(Beginning of DATASET EXCERPTS)

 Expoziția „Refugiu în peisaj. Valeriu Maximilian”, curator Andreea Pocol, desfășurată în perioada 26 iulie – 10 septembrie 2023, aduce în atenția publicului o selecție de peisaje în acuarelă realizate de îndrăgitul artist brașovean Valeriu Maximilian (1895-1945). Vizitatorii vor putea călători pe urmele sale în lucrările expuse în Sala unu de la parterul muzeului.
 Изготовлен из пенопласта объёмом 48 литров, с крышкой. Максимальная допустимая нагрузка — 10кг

(End of DATASET EXCERPTS)
(Beginning of DATASET EXCERPTS)

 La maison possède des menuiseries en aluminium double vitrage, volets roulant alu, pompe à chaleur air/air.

(End of DATASET EXCERPTS)
(Beginning of DATASET EXCERPTS)

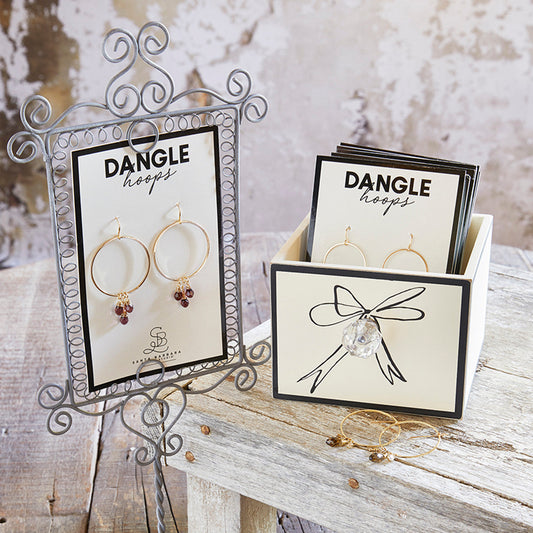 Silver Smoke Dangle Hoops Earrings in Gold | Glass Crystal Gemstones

(End of DATASET EXCERPTS)

**PROBLEM DETAILS:** Looking at the data above, return every line from the one with "Expoziția „Refugiu în" down to the one with "Изготовлен из пенопласта", exactly and inclusively.

**ANSWER BOX:**
 Expoziția „Refugiu în peisaj. Valeriu Maximilian”, curator Andreea Pocol, desfășurată în perioada 26 iulie – 10 septembrie 2023, aduce în atenția publicului o selecție de peisaje în acuarelă realizate de îndrăgitul artist brașovean Valeriu Maximilian (1895-1945). Vizitatorii vor putea călători pe urmele sale în lucrările expuse în Sala unu de la parterul muzeului.
 Изготовлен из пенопласта объёмом 48 литров, с крышкой. Максимальная допустимая нагрузка — 10кг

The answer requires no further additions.